6. Dispersion by Standard Deviation
Dispersion is “the extent to which a distribution is stretched”. We can make use of this to detect when our signal is temporarily stretched more than usual. This can be done by tracking a moving average and looking for any points that are more than a certain number of standard deviations away from this.
The use of standard deviation here instead of just a straight baseline allows us to detect the difference between normal and abnormal peaks in the signal – where abnormal peaks are what we’re looking for.
For example, given the following signal:
We have several small peaks above the baseline, but two very obvious ones that are what we’re looking to detect. A straight baseline would likely use the overall average of 3.29, which would also detect peaks at times of 3, 6, and 18.
By using the dispersion algorithm, these are overlooked as not being significant, and instead, our two major peaks are the only ones detected:
6.1. Algorithm
This algorithm is more complicated than any of the earlier ones, but it has benefits for cases where it’s needed. We’re going to generate a moving baseline by calculating a new value for every point that is based off of a number of preceding points, and then we’re going to see how far the current point varies from this baseline:
algorithm Dispersion(signal, lag, influence, threshold):
// INPUT
// signal = an array of signal values
// lag = the number of values to consider for the moving average
// influence = the influence of a peak on the moving average
// threshold = the standard deviation multiplier for peak detection
// OUTPUT
// indices = an array of indices considered to be peaks based on dispersion
peakIndices <- an empty array
processedSignal <- signal[0 : lag]
for index <- lag to length(signal):
y <- signal[index]
avg <- average(processedSignal[(index-lag) : index])

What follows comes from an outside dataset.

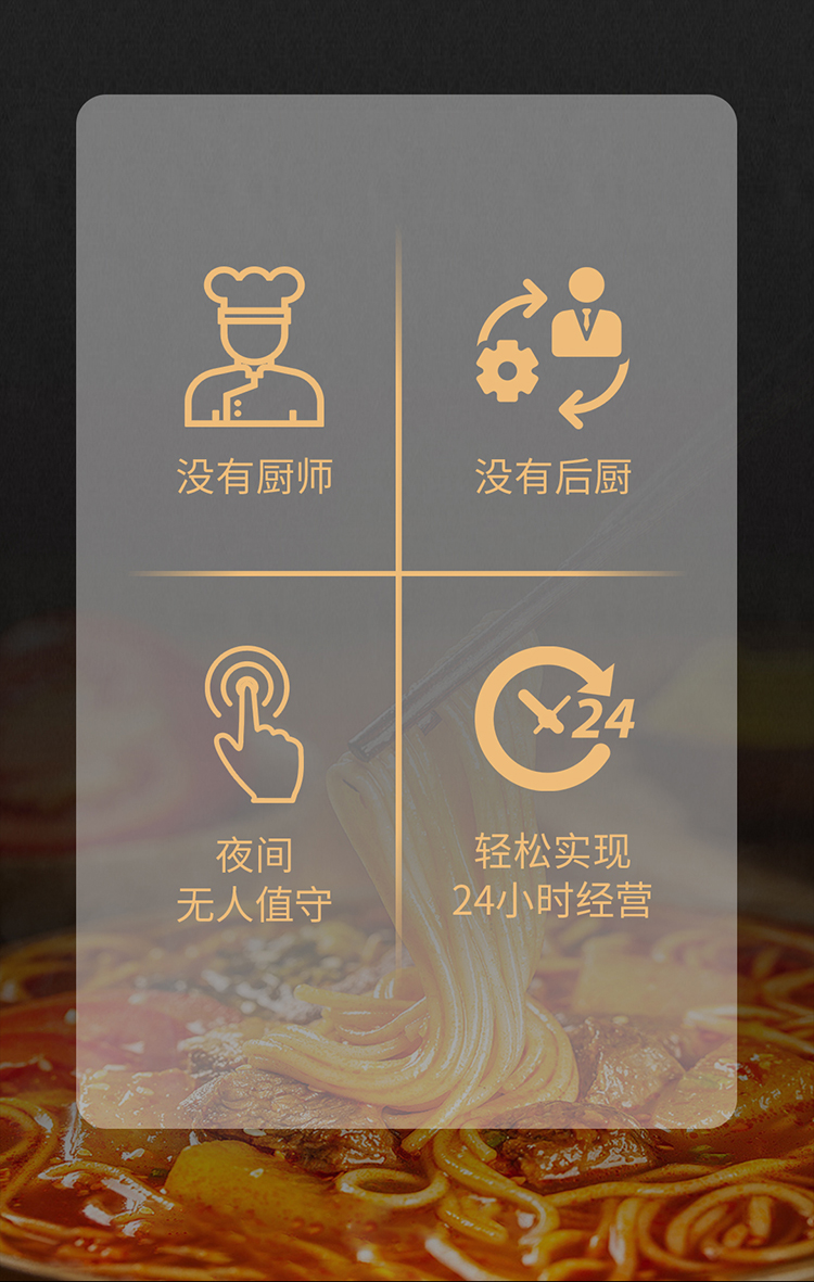 • 可以實現24小時不間斷供應面、水餃、五谷飲品、飲料等;

sd <- stdev(processedSignal[(index-lag) : index])
if y - avg > sd * threshold:
peakIndices.push(index)
adjustedValue <- (influence * y) + ((1 - influence) * processedSignal[index - 1])
else:
processedSignal.push(y)
return peakIndices
This algorithm now has some other inputs, as well as the signal. We need to know:
- lag – the number of values before the current value that we want to use for computing the moving baseline.

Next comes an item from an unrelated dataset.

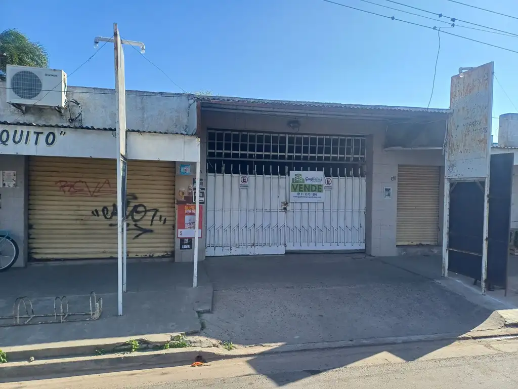 Cuenta con dos locales comerciales al frente y un galpón cubierto de aproximadamente 200 m2.
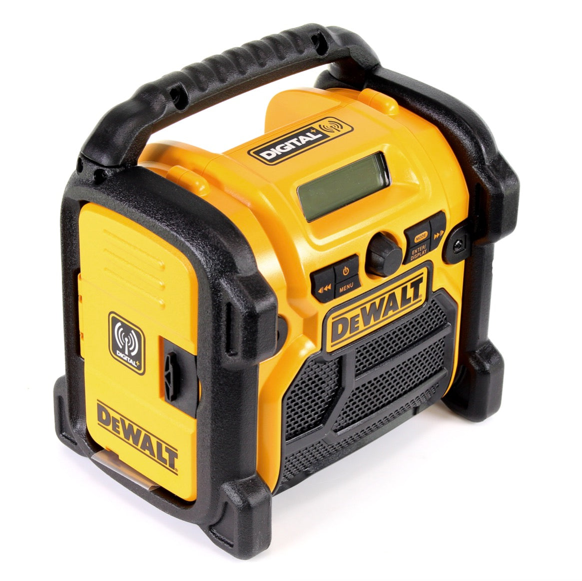 Das DeWALT DCR 020 ist eines der kompaktesten DAB+ / FM Baustellenradios, die es auf dem Markt gibt. Es besitzt ein extrem robustes Gehäuse, dieses garantiert eine maximale Lebenszeit. Ob Sie einfach nur Radio hören möchten oder Ihre Lieblingsmusik über den 3,5 mm AUX Anschluss abspielen möchten, das DeWalt DCR 020 hält Ihnen alle Möglichkeiten offen. Verbundene Endgeräte können in einem Fach am Radio, der sogenannten Tech Box, aufbewahrt werden. Sie können das Radio mit allen gängigen 10,8 V - 18,0 V Einschub Akkus von DeWalt betreiben. Sollten Ihre Akkus einmal leer sein, so sorgt ein 1,8 Meter langer Netzanschluss für maximalen Musikgenuss.

- threshold – the number of standard deviations from the moving baseline that a peak needs to exceed to be counted.
- influence – the amount of influence that a peak has on the moving baseline. This must be between 0 and 1.
The algorithm compares each point to the average of the preceding lag points. However, when calculating this average, we adjust the values for any points that are considered to be a peak, because otherwise, they will distort what we want to see as the moving baseline.

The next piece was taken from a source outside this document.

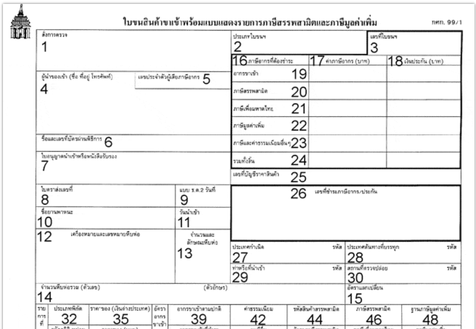 Il documento, in lingua thailandese, è denominato:ใบขนสินค้าขาเข้าพร้อมแบบแสดงรายการภาษีสรรพสามิตและภาษีมูลค่าเพิ่ม.

The amount that we want to adjust these points by is called the influence and should be selected based on the expected size of our peaks compared to the base signal. The larger the peak, the less we want them to influence the moving baseline.
7. Summary
We’ve seen several different techniques here for detecting the peak in a signal, and there are many more that we haven’t looked at here as well.
The exact algorithm to use will depend on the signal that we are processing and what we need to get out of it.